DESCRIPTION OF THE TASK
Please set down, unchanged, each line from the one with "根据ECDC官方数据显示:按" to the final line of the data below, both included. Drop the pictures.
[SOURCE DATA Boundary: Start]
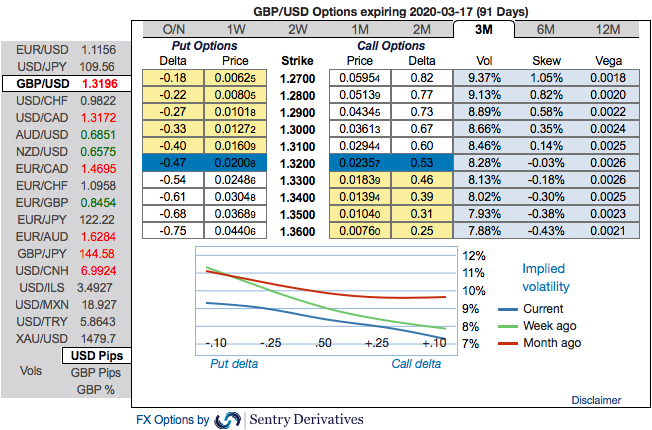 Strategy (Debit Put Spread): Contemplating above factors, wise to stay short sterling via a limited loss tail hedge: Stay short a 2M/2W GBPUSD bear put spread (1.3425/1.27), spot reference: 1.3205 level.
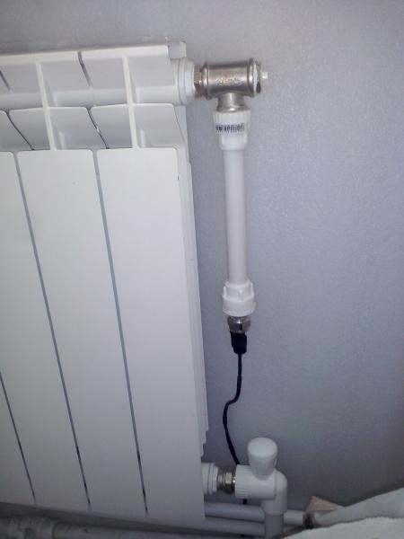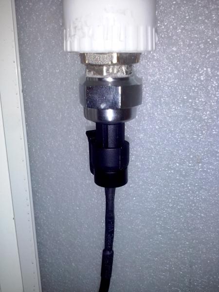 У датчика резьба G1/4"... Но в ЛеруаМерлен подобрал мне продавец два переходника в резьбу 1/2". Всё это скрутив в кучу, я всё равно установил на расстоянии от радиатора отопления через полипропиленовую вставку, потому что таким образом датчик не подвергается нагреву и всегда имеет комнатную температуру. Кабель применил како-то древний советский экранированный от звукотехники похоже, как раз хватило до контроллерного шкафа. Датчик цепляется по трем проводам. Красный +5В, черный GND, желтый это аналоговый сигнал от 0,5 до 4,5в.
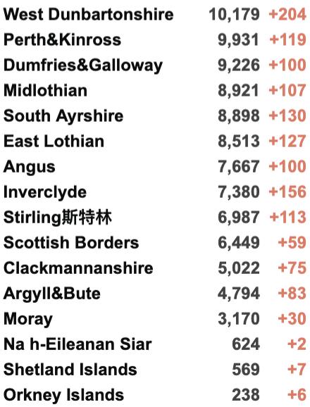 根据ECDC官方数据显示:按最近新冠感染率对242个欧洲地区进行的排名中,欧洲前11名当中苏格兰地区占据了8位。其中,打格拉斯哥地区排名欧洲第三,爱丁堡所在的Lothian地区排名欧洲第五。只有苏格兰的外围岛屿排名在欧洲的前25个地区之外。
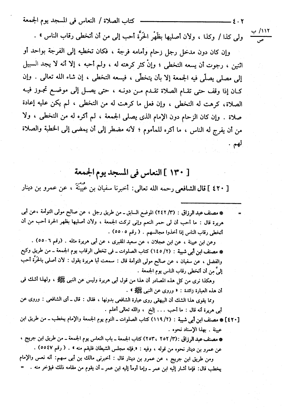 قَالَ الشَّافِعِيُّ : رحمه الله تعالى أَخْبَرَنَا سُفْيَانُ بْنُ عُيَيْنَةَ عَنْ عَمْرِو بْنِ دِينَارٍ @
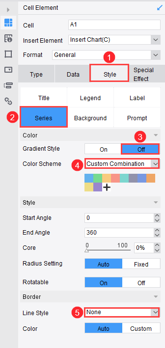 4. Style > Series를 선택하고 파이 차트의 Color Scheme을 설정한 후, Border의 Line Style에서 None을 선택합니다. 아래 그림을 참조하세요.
[SOURCE DATA Boundary: End]
WRITTEN ANSWER
 根据ECDC官方数据显示:按最近新冠感染率对242个欧洲地区进行的排名中,欧洲前11名当中苏格兰地区占据了8位。其中,打格拉斯哥地区排名欧洲第三,爱丁堡所在的Lothian地区排名欧洲第五。只有苏格兰的外围岛屿排名在欧洲的前25个地区之外。
 قَالَ الشَّافِعِيُّ : رحمه الله تعالى أَخْبَرَنَا سُفْيَانُ بْنُ عُيَيْنَةَ عَنْ عَمْرِو بْنِ دِينَارٍ @
 4. Style > Series를 선택하고 파이 차트의 Color Scheme을 설정한 후, Border의 Line Style에서 None을 선택합니다. 아래 그림을 참조하세요.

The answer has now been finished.